7. The powder feeder according to claim 6, wherein the oscillating
frequency information corresponds to the actual resonance
frequency.
8. The powder feeder according to claim 6, wherein the convert
means comprises a zero-cross comparator.
9. The powder feeder according to claim 5, wherein the vibrator
comprises an ultrasonic motor.
10. The powder feeder according to claim 9, wherein the resonance
frequency is set to approximately 29.4 kHz.
11. The powder feeder according to claim 5, wherein the powder feed
path comprises a powder feed pipe formed of nylon tube.

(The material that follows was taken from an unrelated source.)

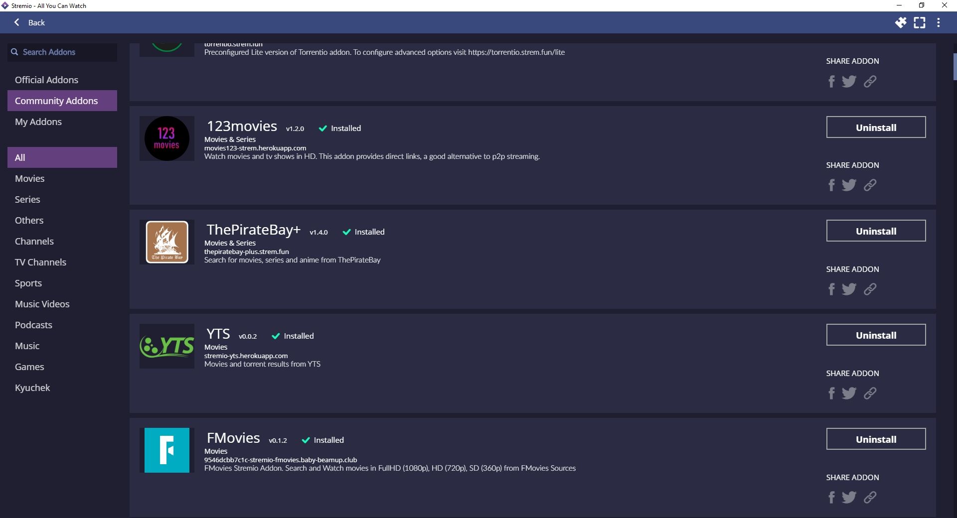 Τέλος, οι πιο ειδικευμένοι χρήστες μπορούν να ανακαλύψουν και να εγκαταστήσουν ακόμα περισσότερα πρόσθετα, πολλά από τα οποία μπορούν να βρουν διαθέσιμα στο PimpMyStremio, στις κοινότητες του Reddit, στο Stremio Downloader κ.α.

12. A drive apparatus for driving a vibrator by applying an
alternating voltage with a resonance frequency to the vibrator, the
vibrator having a top end that oscillates with elliptic motion when
the alternating voltage with the resonance frequency is applied,
the drive apparatus comprising:
Phase Lock Loop (PLL) control means for following the resonance
frequency with an actual resonance frequency when the resonance
frequency actually changes;
duty ratio control means for applying the alternating voltage with
the resonance frequency to the vibrator according to a duty ratio;
and
feedback means for detecting a residual frequency of an
electromotive force produced due to a residual oscillation of the
vibrator when the alternating voltage with the resonance frequency
is not applied to the vibrator and for feeding back the detected
residual frequency to the PLL control means.

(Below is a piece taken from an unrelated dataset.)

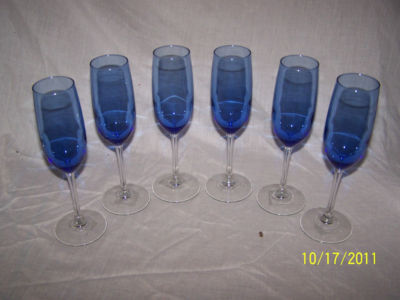 "VINTAGE" 6 BEAUTIFUL "COBALT BLUE" FOOTED WINE GLASSES (? CRYSTAL)
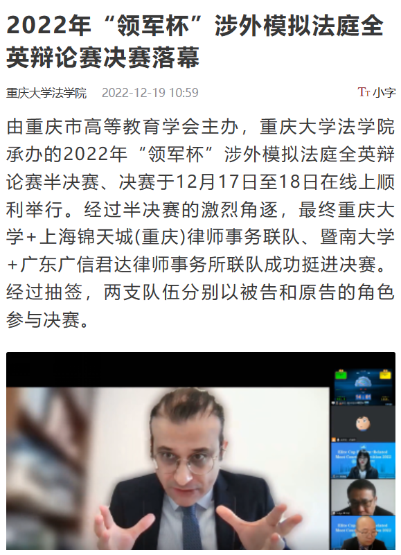 为创新涉外法治人才培养模式,增进法学院校与专业法律服务机构之间交流协作,推动完善以实践为导向的涉外法治人才培养机制,由重庆市高等教育学会主办,重庆大学法学院承办的2022领军杯涉外模拟法庭全英辩论赛半决赛、决赛于1217日至18日在线上顺利举行。

13. The drive apparatus according to claim 12, wherein the feedback
means comprises:
current monitor means for detecting load current due to the
electromotive force and for converting the load current into a
voltage;
a resistor to flow the load current to the current monitor means;
and
convert means for converting the voltage into phase information and
oscillating frequency information and for inputting both the phase
information and the oscillating frequency information to the PLL
control means.
14. The drive apparatus according to claim 13, wherein the
oscillating frequency information corresponds to the actual
resonance frequency.
15. The drive apparatus according to claim 13, wherein the convert
means comprises a zero-cross comparator.
16. The drive apparatus according to claim 12, wherein the vibrator
comprises an ultrasonic motor.
Description
BACKGROUND OF THE INVENTION
1. Field of the Invention
The present invention relates to a drive apparatus for driving an
oscillator with a resonance frequency and a powder feeder having
the drive apparatus therein. In particular, the present invention
relates to a drive apparatus for driving an oscillator with a
resonance frequency, in which Phase Lock Loop (PLL) control is
conducted to follow the resonance frequency given to the oscillator
with an actual resonance frequency when the resonance frequency of
the oscillator having the resonance frequency actually changes, and
relates to a powder feeder in which the drive apparatus is
installed.
2. Description of Related Art
In a case of controlling an oscillator with a resonance frequency
in the resonance region (resonance point), it is conventionally
popularized a control method for controlling a driving voltage
given to the oscillator. For example, it is shown in FIG. 10 a
driving voltage control circuit for driving an ultrasonic motor. In
this control circuit, a peak value of the driving voltage is
controlled in a DC-DC converter.
Operation of the above control circuit will be shown in FIG. 12 by
indicating a relationship with the driving voltage supplied to the
ultrasonic motor.
On the other hand, in case of driving the oscillator with the
resonance frequency in the resonance region (resonance point ) to
continuously drive it as in the method by the driving voltage
control circuit, it is difficult to precisely control the output
such as vibration amplitude of the oscillator in the resonance
point by the driving force (for example, the driving voltage ).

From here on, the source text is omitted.